Closed sunsibar closed 7 years ago
@su-si
data_heatmap.cpp line:656-658 (sigma = 1.5)
float gaussian = ( 1 / ( sigma * sqrt(2 * M_PI) ) ) * exp( -0.5 * ( pow(i - y, 2.0) + pow(j - x, 2.0) ) * pow(1 / sigma, 2.0) );
gaussian = 4 * gaussian
top_label[label_idx] = gaussian;
I found that the implementation of 2D gaussian distribution is different from the original formula.
And the max value of label heatmap should be 1.0638.
"gaussian = 4 * gaussian"
you magnify the gaussian there. it's necessary fine-tuning to accelerate the convergence.
Thank you for your answer, and sorry for the long wait. But this doesn't resolve the problem, does it? Why close the topic?

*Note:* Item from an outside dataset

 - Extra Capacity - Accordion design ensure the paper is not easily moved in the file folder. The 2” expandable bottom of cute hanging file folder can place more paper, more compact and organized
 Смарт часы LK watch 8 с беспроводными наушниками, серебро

So the implementation has a different scaling factor. But regardless of scaling, one would expect values between 0 and some other value, right? ("the max value of label heatmap should be 1.0638" - so, between 0 and ~1). But there seems to be a bias also, compared to a gaussian.
A question:
When using the pretrained model and the original heatmap net, the predicted heatmaps contain values that are all very close to 1 (scaling the area 0.95 to 1.05 to the full "imshowable" range leads to nice heatmaps that really look like you'd expect them to, if shown with cv::imshow). But if you look at the "data heatmap" layer, the created label gaussian blobs have values between 0 and 1; ~1 at the peak, decreasing to zero elsewhere. As you would expect of a gaussian.

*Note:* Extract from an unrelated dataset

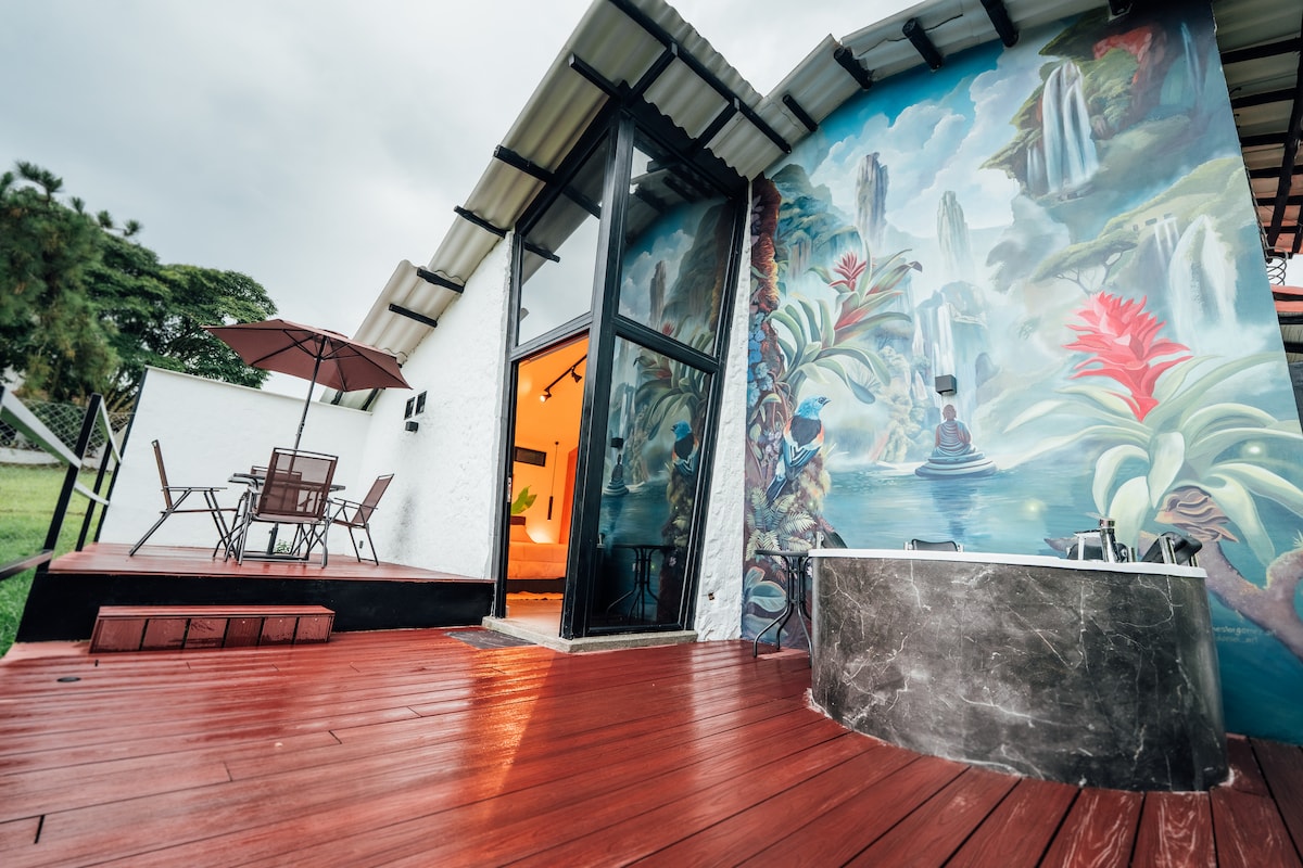 Un hospedaje con la receta perfecta: la comodidad de un alojamiento nuevo y moderno,la belleza del eje cafetero,el aire limpio,la noche estrellada,esta es una experiencia llena de tranquilidad que le recargara de energía mientras disfrutas del jacuzzi con una copa de vino y las luces de la cuidad a sus pies .Todo dentro de un marco de privacidad y excelente atención.

What did I miss? If the net is trained to predict these label blobs, the final heatmaps' values should be between 0 and 1, not between 0.95 and 1.05. One reason I could imagine is that the training happened with some sort of normalization or scaling layer between label and loss, could that be?
Thanks for any answer! And thank you for sharing your code in the first place.